In the case that you have to run off many simulations from some distribution of parameters, it is best to be a little more careful again about how you store your cache. Let’s imagine you were modifying only some astrophysical parameters, and otherwise keeping the structure of the box, and the cosmology the same. This is a very common situation.

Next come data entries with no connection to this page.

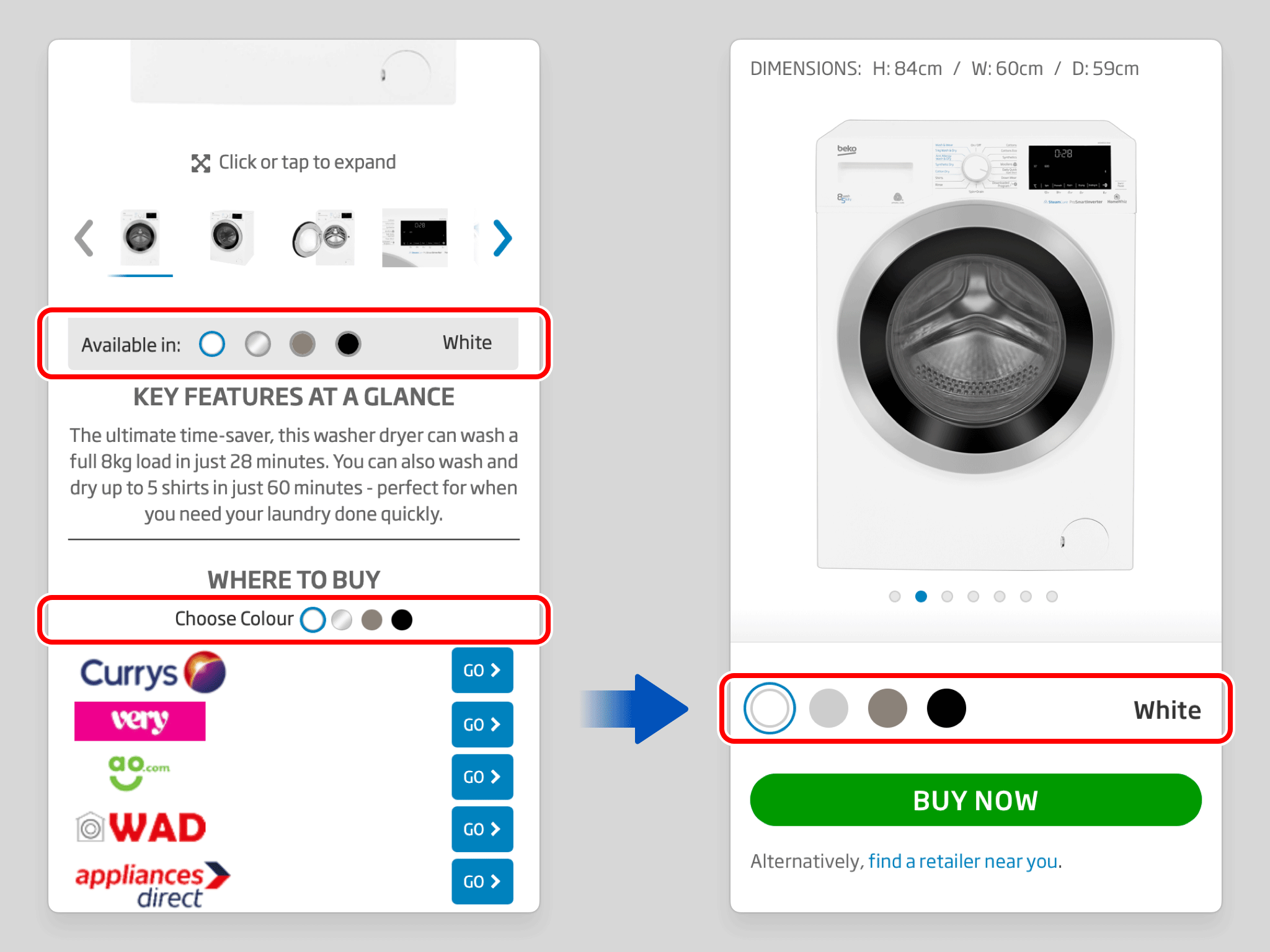 Two separate colour selectors — one governing the Gallery, one governing the Buy section — have been consolidated into a single control that manages both simultaneously. The duplication previously created a disjointed experience, obscuring the direct relationship between the variant being viewed and the one being purchased.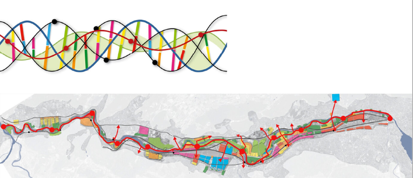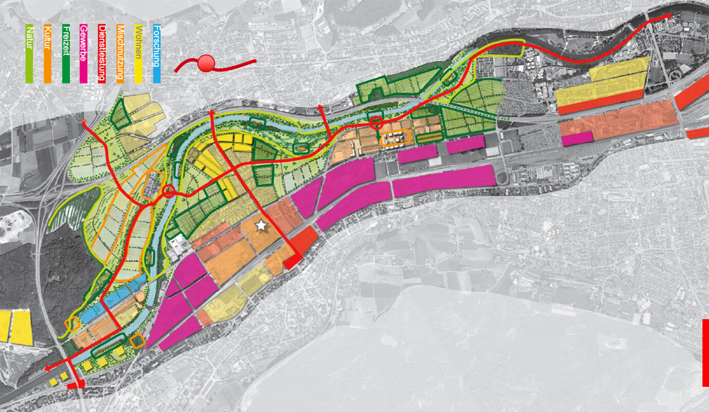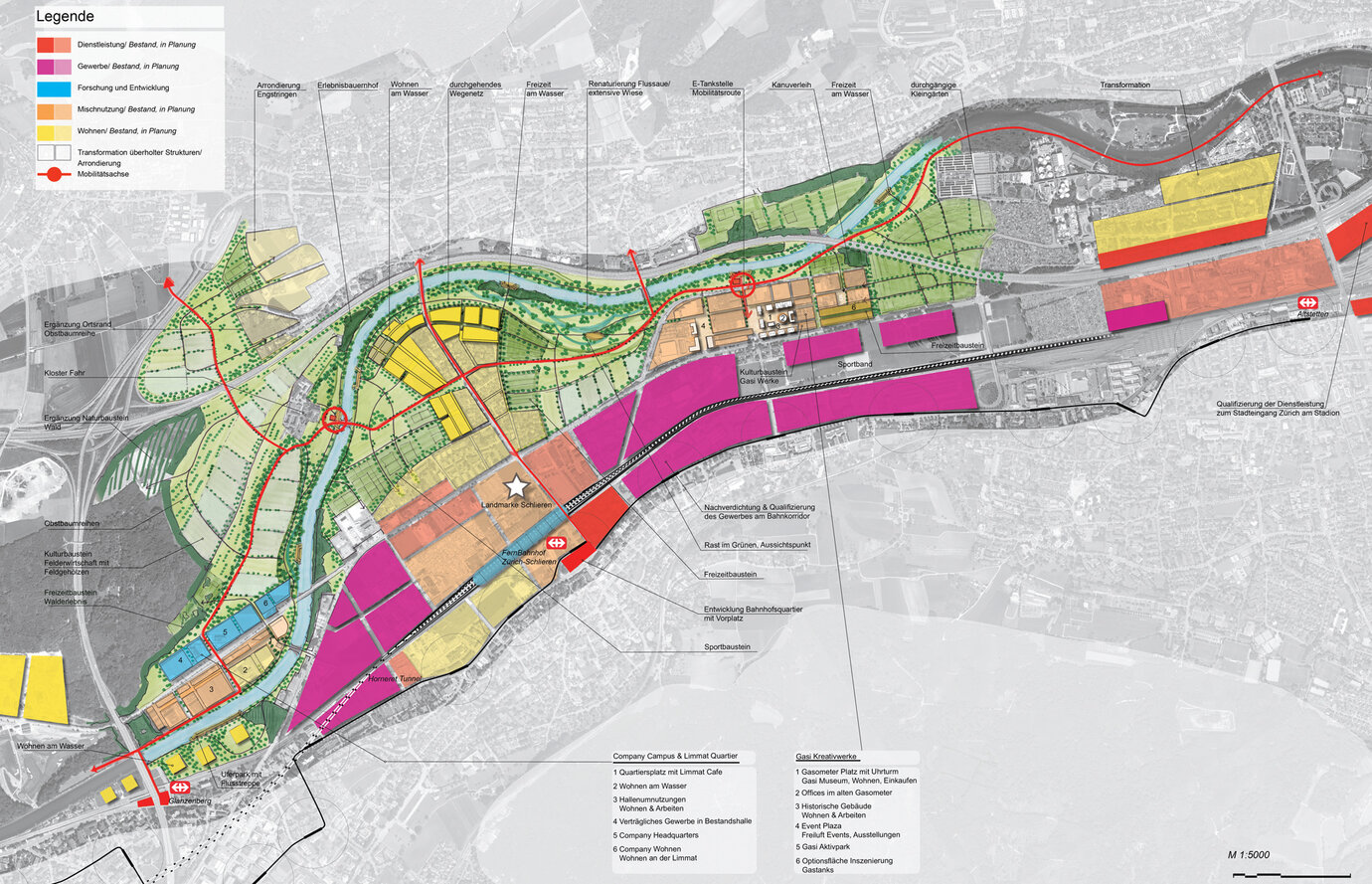 在"Limmattal 空间发展远景"国际创意竞赛过程中,AS+P 针对瑞士城市内人口最稠密和最具活力的一块地区制定了面向 2050 年的跨学科规划方案。该方案的目标在于协调该山谷空间内带状住宅区的结构:其目的在于基于人口密度、混合用途和基础设施网络,制定一套包含城市规划节点布局的多元化空间配置方案。这不是一个大改造、而是需要各个部分共同明显改善住宅型式,而无需政府的宏观干预。 最终目标在于确保和巩固山谷空间内重要的国家和地区交通基础设施功能。通过在整体山谷空间内进行均衡的用途分配和任务分配,以及加强慢性交通概念,需要避免城内路段交通流量过载以及 HB 苏黎世和巴登两个停车地点之间的道路交通流量过载。将通过短途交通轴线连接山谷空间中所分布的各个重点用途区域。通过路途端、沿路风景优美、沿途设立有基础设施(电动自行车充电站、免费 WiFi)等特点,吸引了市民和游客采用步行、骑自行车、电动自行车、溜冰鞋、滑板或直排轮滑等交通方式出行。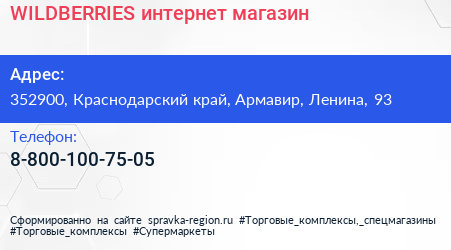 WILDBERRIES, интернет-магазин по адресу 352900, Краснодарский край, Армавир, Ленина, 93 в дальнейшем Организация, размещена в следующих категориях: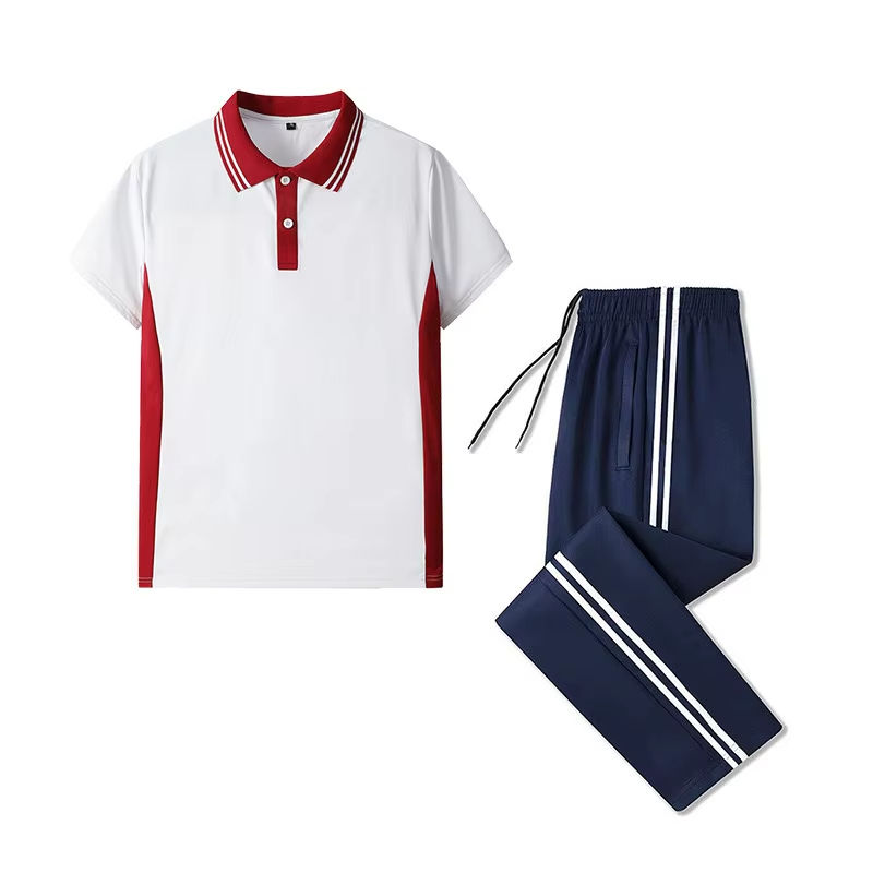2025 O-Neck Primary Polo Shirts Sets for Boys Girls 100% Cotton Casual Solid Embroidery & Logo Printed Kids School Uniform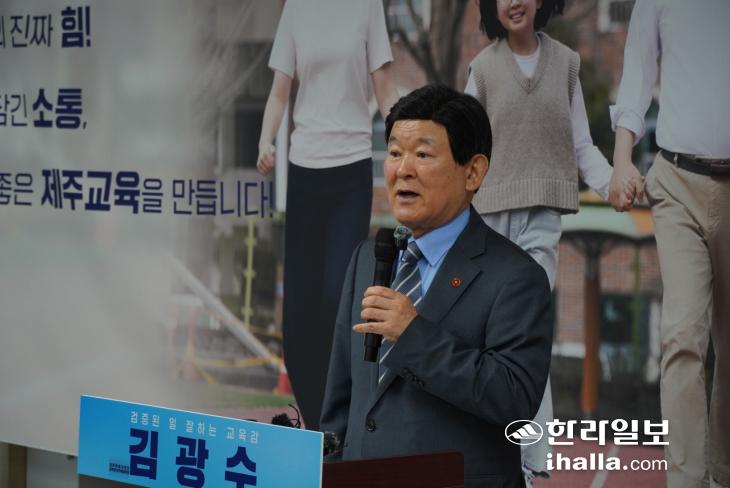 김광수 예비후보는 이날 제주시 노형동 선거사무소에서 기자회견을 열고 '5대 교육 정책 방향'에 따른 주요 공약을 발표하며 이같이 약속했다.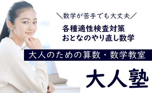 就職・転職・昇進試験を控えた方向けのSPI、Webテストや玉手箱などの各種試験の対策講座、趣味で数学を学びたい方、学び直したい方向けのやりなおし数学・趣味コース、
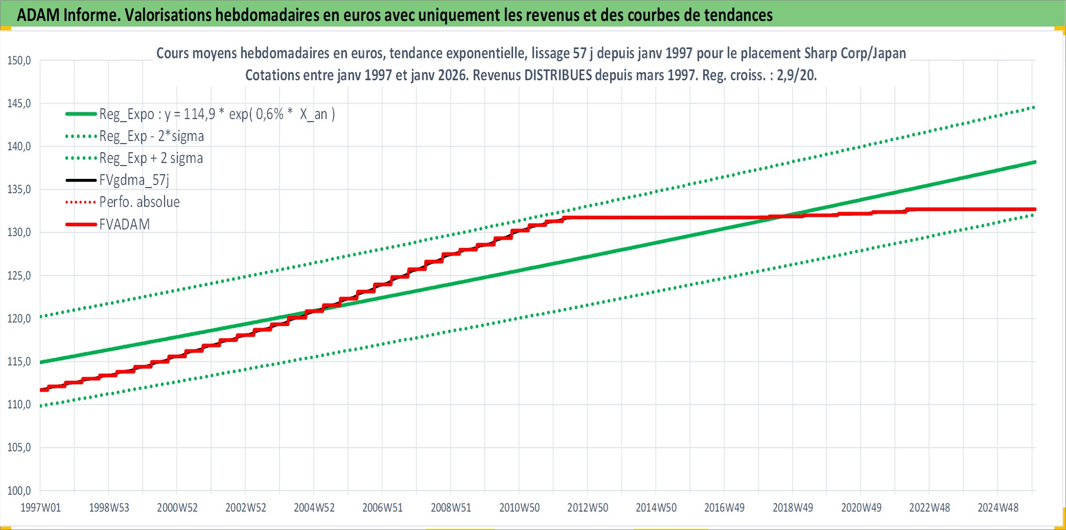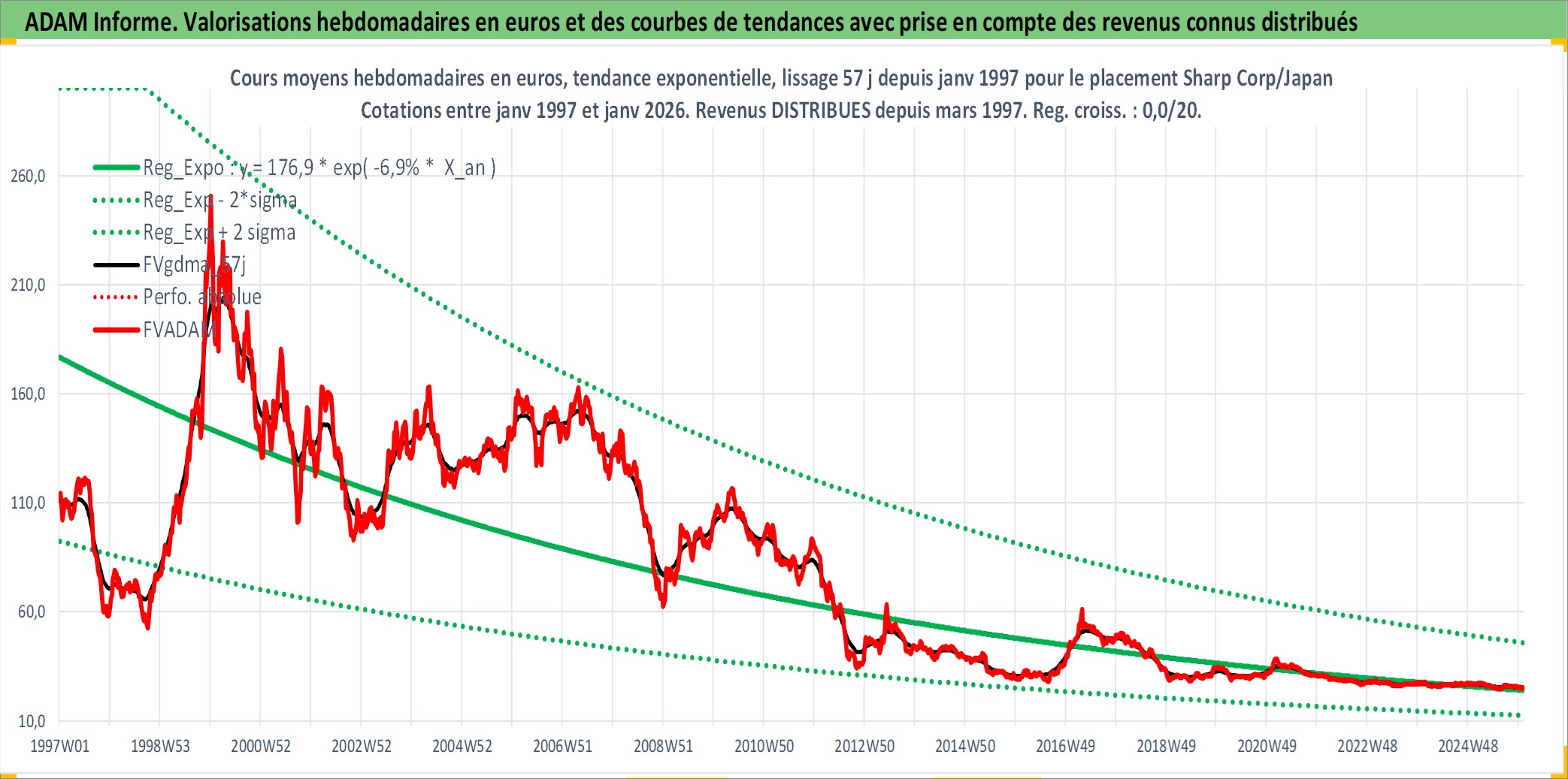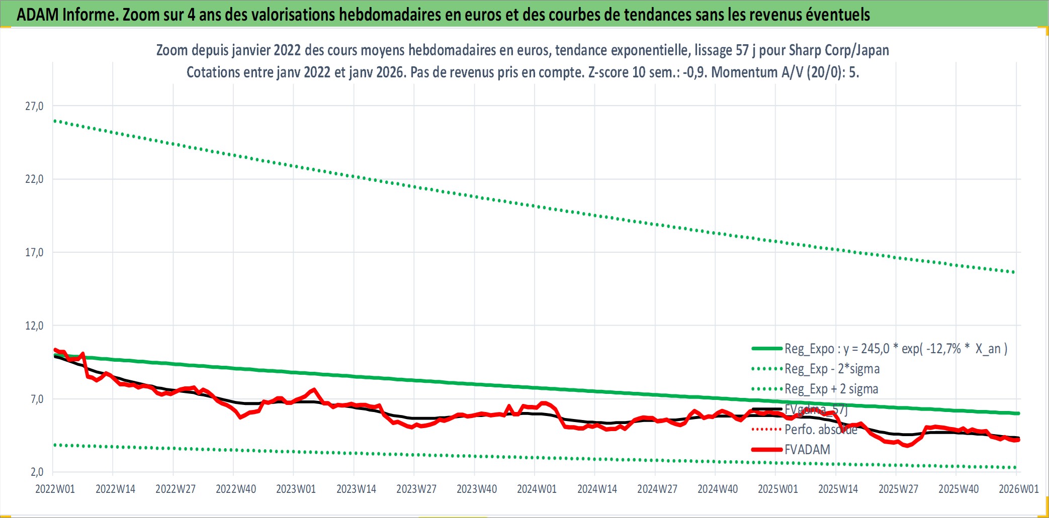 Site dédié aux investisseursPage dédiée sur site financeAnalyse des valorisations hebdomadaires de l'action Sharp Corp/Japan. Cet actif est cote en JPY. Les valorisations sont en contrevaleur EURO et couvrent les semaines 1997W01 a 2026W01. Les revenus de cet actif financier sont pris en compte depuis la semaine 1997W13. La note globale ESG de cet actif est estimee a 11.0 (apres rebasage entre 0 et 20).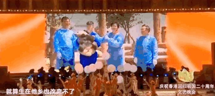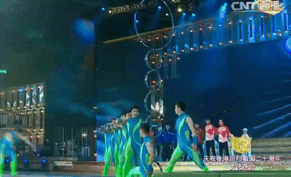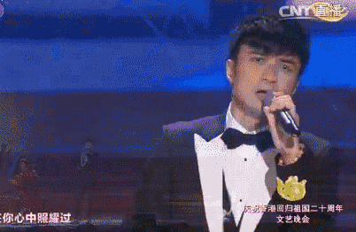 歌手古巨基用粤语演唱歌曲《明星》。今晚,香港是最耀眼的明星,全球聚焦,万众瞩目!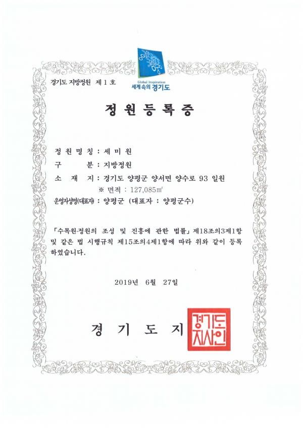 정동균 양평군수는 “먼저, 세미원을 경기도 제1호 지방정원으로 지정해준 이재명 경기도지사에 감사의 말을 전한다”며 “세미원은 이제 체계적이고 계획적으로 합법적 기반위에 사업을 수행할 수 있게 됐다. 부족한 기반시설과 계절적 한계를 해소하고 지역주민을 비롯한 수도권 주민들에게 편안한 휴식공간과 고품질의 생태관광을 제공함으로써 정원문화의 확산·보급에 기여할 수 있는 유익한 공간으로 재탄생 할 수 있도록 최선을 다하겠다”는 소감을 밝혔다.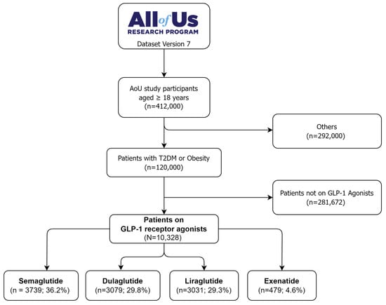 The study population was identified through a step-wise selection process from the All of Us research program database version 7, as depicted in Figure 1. The initial cohort comprised 412,000 patients aged 18 years or older. Only patients with a primary diagnosis of T2DM or obesity were considered (n = 120,000), while others were excluded (n = 292,000). The cohort was further restricted to those who received a GLP-1 RA prescription and used it for at least one month. This systematic identification process enabled the selection of a well-defined cohort of 10,328 new GLP-1 RA users with T2DM or obesity for analysis from the All of Us research program database. Of these, 36.2% were on semaglutide (n = 3739), 29.8% were on dulaglutide (n = 3079), 29.3% were on liraglutide (n = 3031), and 4.6% were on exenatide (n = 479).

We first make a directory to hold all of our cache, and our outputs:

$ mkdir - cache/configs
$ mkdir lightcones

Then setup a “base” configuration:

$ 21cmfast template create --template latest gpc --out cache/configs/base.toml

Now, before running off the other simulations, run off some initial conditions:

$ 21cmfast run ics --param-file cache/configs/base.toml --seed 77577 --cachedir cache

We’ll then have a folder cache/<ugly_hash>/77577 in which will be an InitialConditions.h5 file. Now we can start running our lightcones. In a real application you may want to put this part into a script and run it via SLURM to parallelize over the different parameters, but here we just show the basics:

$ for zeta in 30.0 29.0 31.0 35.0          # iterate over all parameters
  do
    21cmfast run lightcone --param-file cache/config/base.toml \
      --seed 77577 --cachedir cache \      # need these to specify the same ICs
      --redshift-range 5.8 25 \            # specify redshift range
      --hii-eff-factor $zeta \             # override the astrophysical parameter
      --out lightcones/lc_zeta${zeta}.h5 \ # unique name of ligthcone output
      --cfgfile cache/configs/zeta${zeta}.h5  # unique configuration file
  done

This will result in four lightcones in the lightcones/ directory, tagged with their parameter values for HII_EFF_FACTOR, and also four fully-specified parameter TOMLs, along with all of the cache files required.